Англичанин не торопился. Обстановка в кабинете становилась все напряженнее. Даже сердце бесстрастного доктора билось чуточку быстрее.
– Вот и все, Тин Вин. Можешь открыть глаза.
Тин открыл… Это было потрясение. Удар светом. Ярким. Ослепительным. Молочная пелена исчезла. В лицо Тину бил слепящий белый свет.
Вместо радости пришла боль. Свет жег глаза, голова разболелась. Не выдержав, Тин зажмурился, отступив в привычную темноту.
– Ты видишь меня? – громко спросил У Со. – Видишь?
Нет, Тин его не видел и не нуждался в этом. Ему было достаточно услышать биение дядиного сердца, и он понял, в каком настроении сейчас находится У Со. Дядя словно рукоплескал самому себе. Тин ясно представлял довольную улыбку на его лице.
– Тин Вин, я тебя спрашиваю. Ты меня видишь? – допытывался У Со.
Тин прищурил глаза, как будто это могло уменьшить боль, вызванную светом.
Как будто он мог вернуться назад.
Доктор Маккрей сам надел ему очки и сказал, что теперь Тин Вин может смело открывать глаза и наслаждаться четким зрением. Словно это было так просто после восьми лет слепоты…
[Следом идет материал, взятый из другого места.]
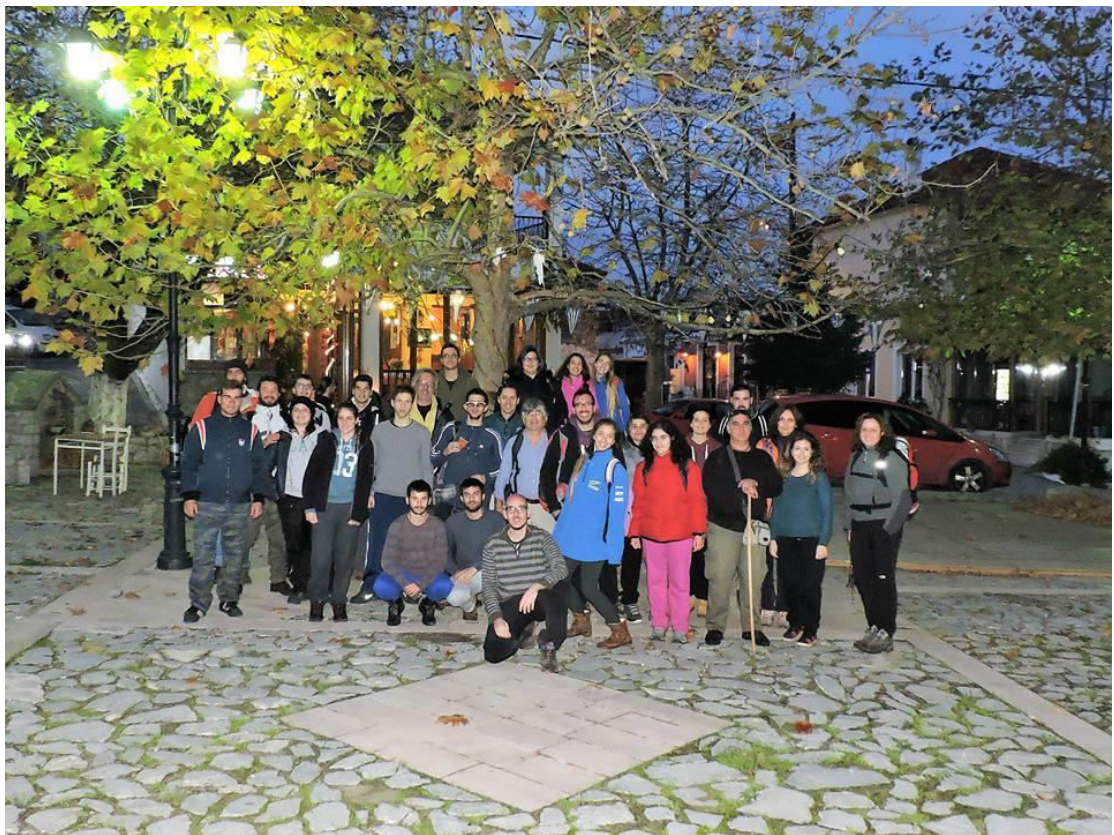
Η επιστροφή το βράδυ στο χωριό Αγία Άννα.

Тин не торопился. Он был бы согласен вернуться в Кало с завязанными глазами и распахнуть их только рядом с Ми Ми. Ему хотелось, чтобы новое зрение началось с нее.
– ОТКРОЙ ГЛАЗА! – на английском и бирманском требовали нетерпеливые голоса.
Нет, при всем желании он не сможет сразу исполнить их просьбу. Глаза боялись смотреть. Нужно действовать постепенно. Сначала приоткрыть совсем чуть‑чуть. Маленькую щелочку, как будто он спрятался и глядит на мир через дырочку в стене.
Белый туман исчез навсегда. Мир вокруг Тина был ослепительным и пугающе четким. Яркость и резкость отозвались острой болью в глазных яблоках, потом во лбу и в затылке. Перед Тином стояли доктор Маккрей и У Со. Они пристально смотрели на него. На лицах читалось такое волнение, словно они специально для Тина создали весь этот мир.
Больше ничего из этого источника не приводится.